DAVIDsearch requires two inputs: 1) the lists of up-/down-regulated gene sets and 2) the email of a given registered DAVID users (http://david.abcc.ncifcrf.gov/webservice/register.htm). Additionally, a number of optional parameters can be specified. For instance, the type of submitted ids (e.g., “ENTREZ_GENE_ID”, “GENBANK_ACCESSION”) and the category name (e.g., “GOTERM_BP_ALL”, “KEGG_PATHWAY”, etc.) to be used in the functional annotation analysis can be indicated, as specified in the BACA manual. During the querying process some notes are printed out. They include the name of the gene list, the number of genes successfully loaded, the number of genes mapped (and unmapped) in DAVID, the specie and the number of annotations found by DAVID.

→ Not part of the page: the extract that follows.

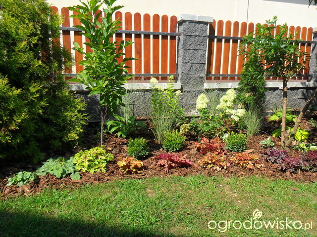 Męczą cię pewnie te duże kamienie. Zabierz je, bo nie pasują odcieniem. Pomiędzy kamieniami, a korą zastosuj jakiś pasek rozdzielający.Trzmielinę i lawendę przesadź i będzie ok.

graphic file with name 12859_2015_477_Figd_HTML.gif

The DAVIDsearch function compiles a list of DAVIDFunctionalAnnotationChart objects, one for each specified gene list. This list is used as input of the BBplot function in order to build a chart that shows how the functional annotations found by DAVID have changed across different experimental conditions.

graphic file with name 12859_2015_477_Fige_HTML.gif

BBplot builds a chart where the annotations are compared by the means of bubbles. The bubble size indicates the number of genes enriching the corresponding annotation, while the colour indicates the state of these genes in terms of down- and up-regulation.

BBplot works out with different optional parameters to filter the enrichment analysis results. In particular, they can use the parameters max.pval (or EASE score) and min.genes in order to select the most significant enriched annotations. This is necessary when the lists of enriched annotations found by DAVID are very large.

After building the bubble plot, the users can visualize and save it.

graphic file with name 12859_2015_477_Figf_HTML.gif

Finally, the users can use the Jplot function to build/plot pairwise comparisons between functional annotation charts.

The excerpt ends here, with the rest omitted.